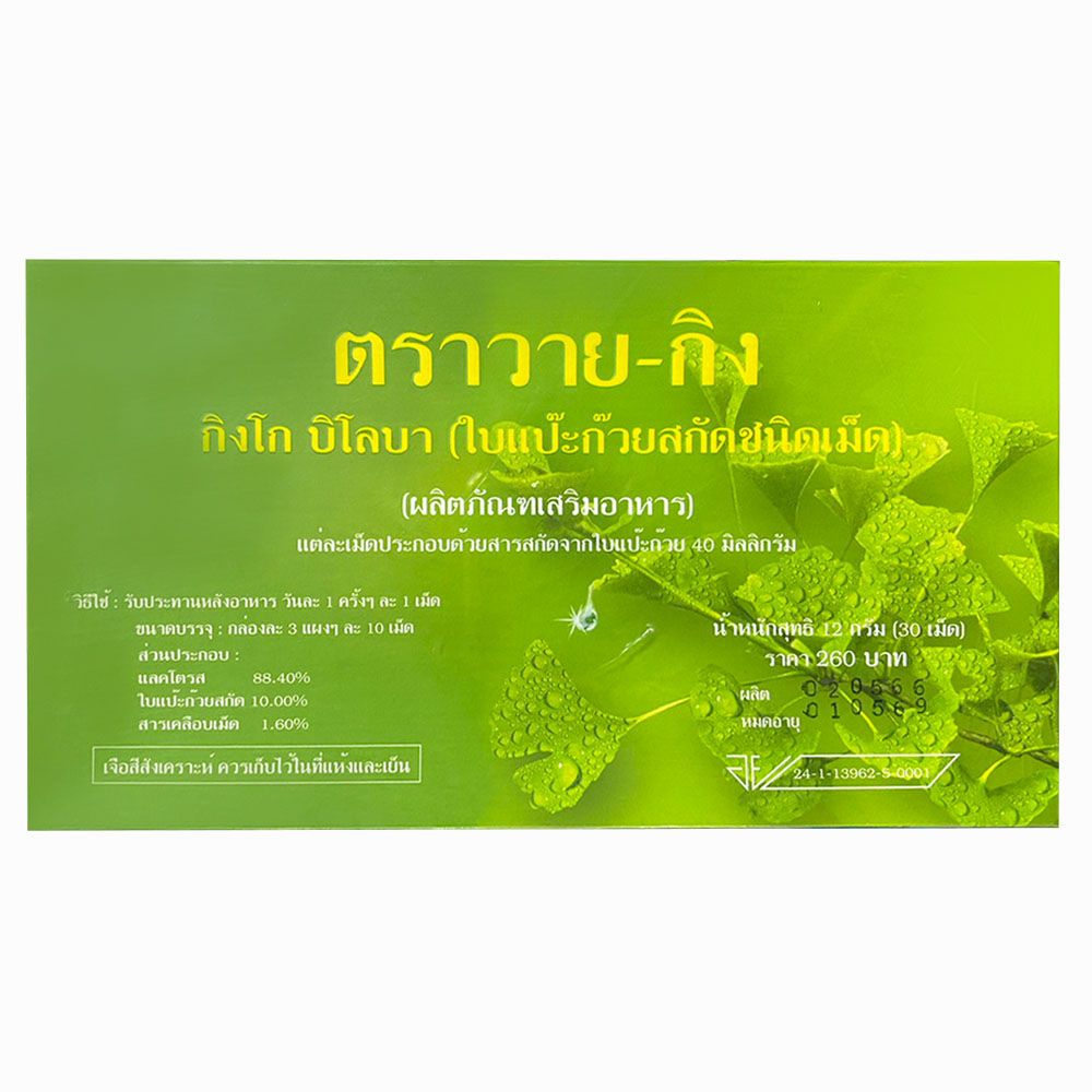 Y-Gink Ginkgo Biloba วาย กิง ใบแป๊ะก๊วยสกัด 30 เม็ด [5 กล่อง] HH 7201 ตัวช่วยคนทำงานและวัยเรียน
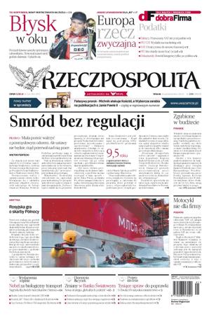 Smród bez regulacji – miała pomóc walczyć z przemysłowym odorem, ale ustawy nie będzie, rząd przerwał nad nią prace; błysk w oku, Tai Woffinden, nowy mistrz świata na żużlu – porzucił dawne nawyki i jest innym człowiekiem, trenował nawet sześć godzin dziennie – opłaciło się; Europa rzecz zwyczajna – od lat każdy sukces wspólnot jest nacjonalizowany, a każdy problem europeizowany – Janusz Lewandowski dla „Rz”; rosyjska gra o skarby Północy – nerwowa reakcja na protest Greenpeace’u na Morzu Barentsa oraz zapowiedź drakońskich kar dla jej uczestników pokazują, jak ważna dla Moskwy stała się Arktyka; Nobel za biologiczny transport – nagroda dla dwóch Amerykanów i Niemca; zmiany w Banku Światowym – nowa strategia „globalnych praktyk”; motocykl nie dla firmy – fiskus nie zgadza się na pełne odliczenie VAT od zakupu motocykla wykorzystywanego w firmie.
+++
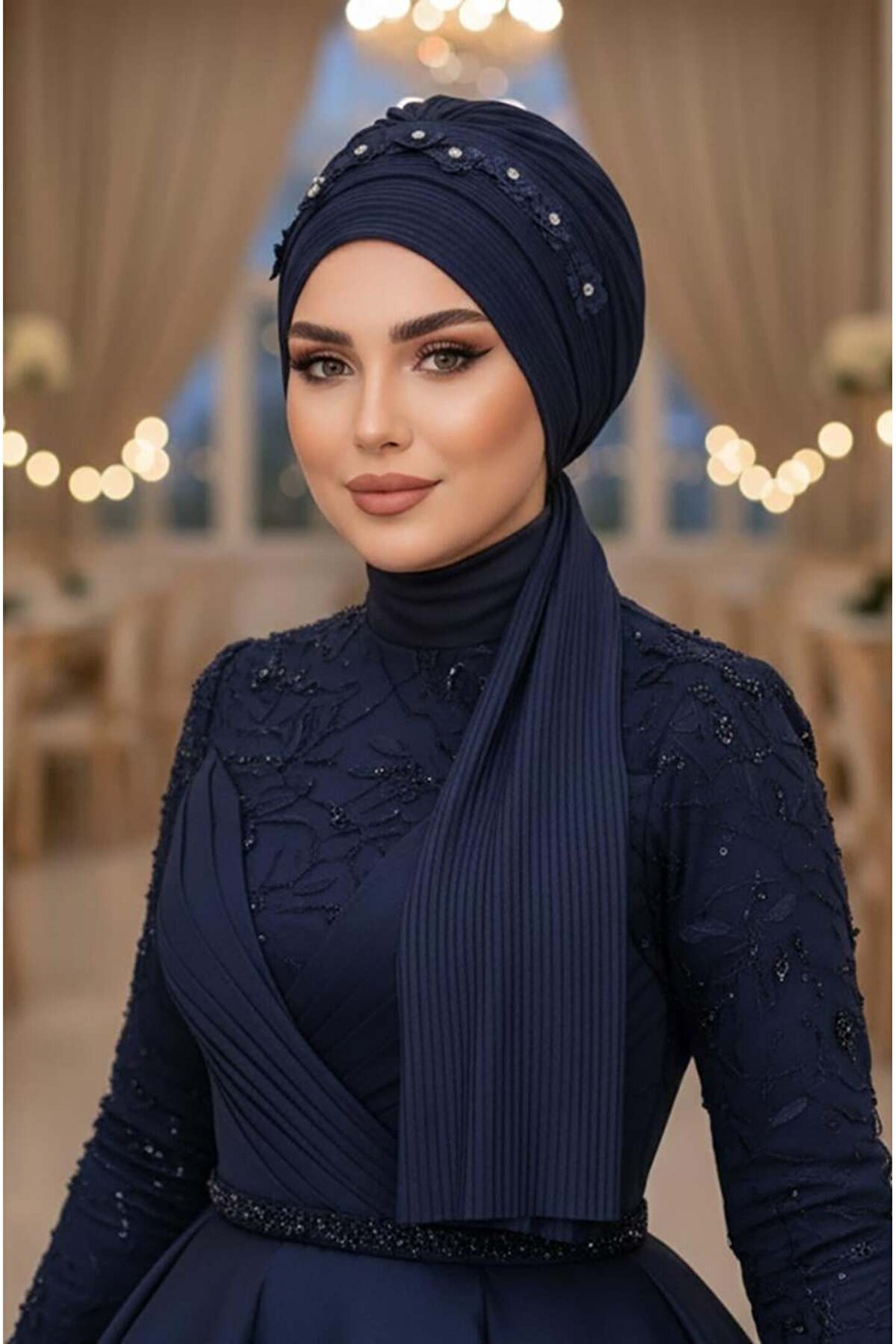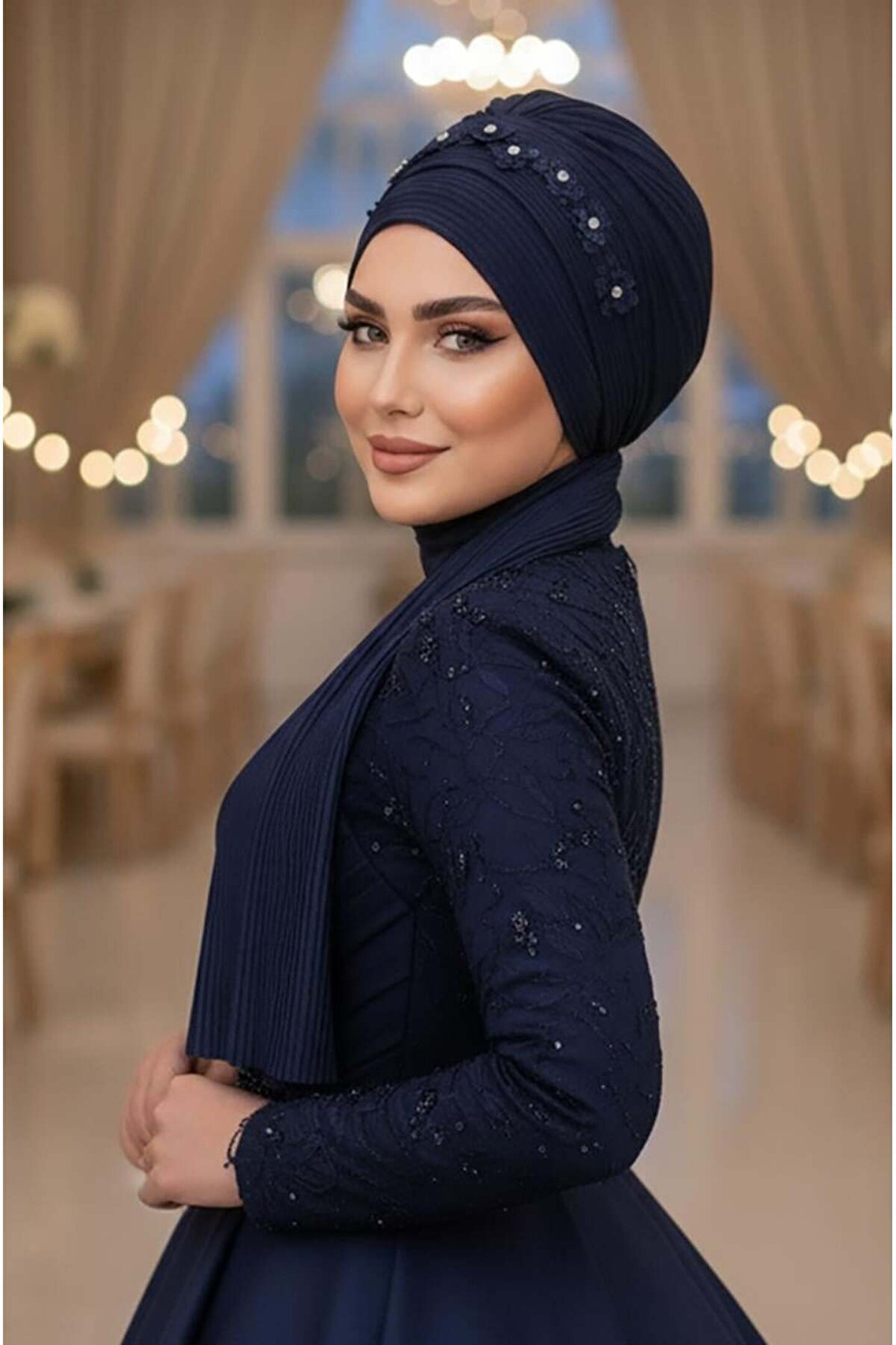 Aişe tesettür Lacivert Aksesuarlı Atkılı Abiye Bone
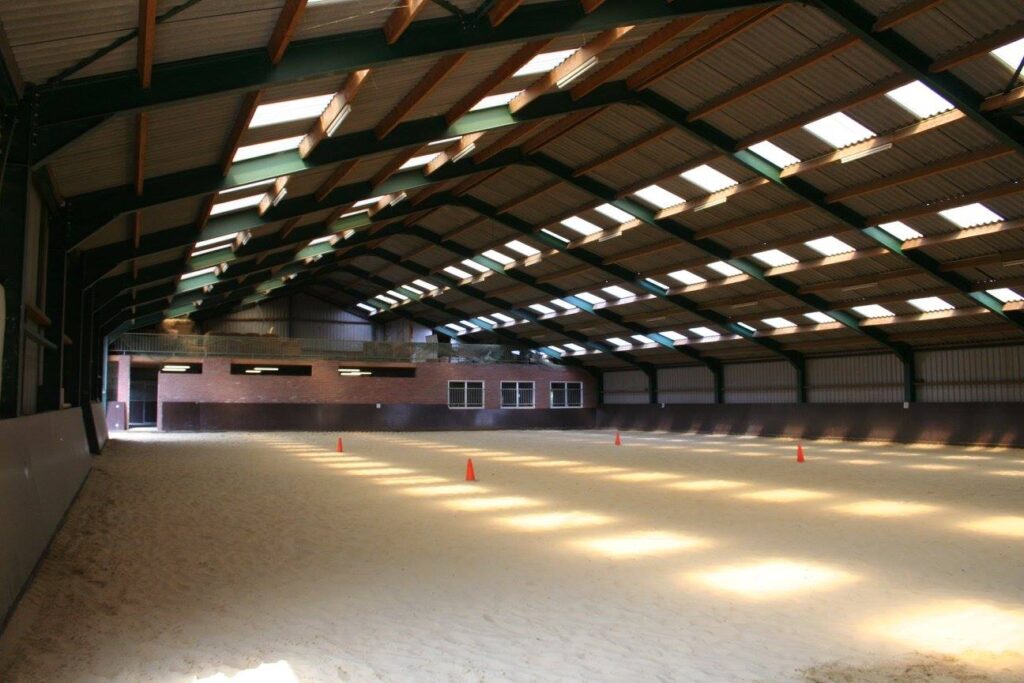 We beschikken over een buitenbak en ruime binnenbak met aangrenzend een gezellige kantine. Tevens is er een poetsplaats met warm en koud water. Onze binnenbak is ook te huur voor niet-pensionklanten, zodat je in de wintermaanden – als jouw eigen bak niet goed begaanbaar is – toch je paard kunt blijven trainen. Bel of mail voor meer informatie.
+++
▶ INSTRUCTIONS FOR THE TASK:
Only the lines starting at the one that includes "Y-Gink Ginkgo Biloba" and ending at the one that includes "Smród bez regulacji" should be retyped, exactly, from the records above; no pictures.

▶ ANSWER BOX:
 Y-Gink Ginkgo Biloba วาย กิง ใบแป๊ะก๊วยสกัด 30 เม็ด [5 กล่อง] HH 7201 ตัวช่วยคนทำงานและวัยเรียน
 Smród bez regulacji – miała pomóc walczyć z przemysłowym odorem, ale ustawy nie będzie, rząd przerwał nad nią prace; błysk w oku, Tai Woffinden, nowy mistrz świata na żużlu – porzucił dawne nawyki i jest innym człowiekiem, trenował nawet sześć godzin dziennie – opłaciło się; Europa rzecz zwyczajna – od lat każdy sukces wspólnot jest nacjonalizowany, a każdy problem europeizowany – Janusz Lewandowski dla „Rz”; rosyjska gra o skarby Północy – nerwowa reakcja na protest Greenpeace’u na Morzu Barentsa oraz zapowiedź drakońskich kar dla jej uczestników pokazują, jak ważna dla Moskwy stała się Arktyka; Nobel za biologiczny transport – nagroda dla dwóch Amerykanów i Niemca; zmiany w Banku Światowym – nowa strategia „globalnych praktyk”; motocykl nie dla firmy – fiskus nie zgadza się na pełne odliczenie VAT od zakupu motocykla wykorzystywanego w firmie.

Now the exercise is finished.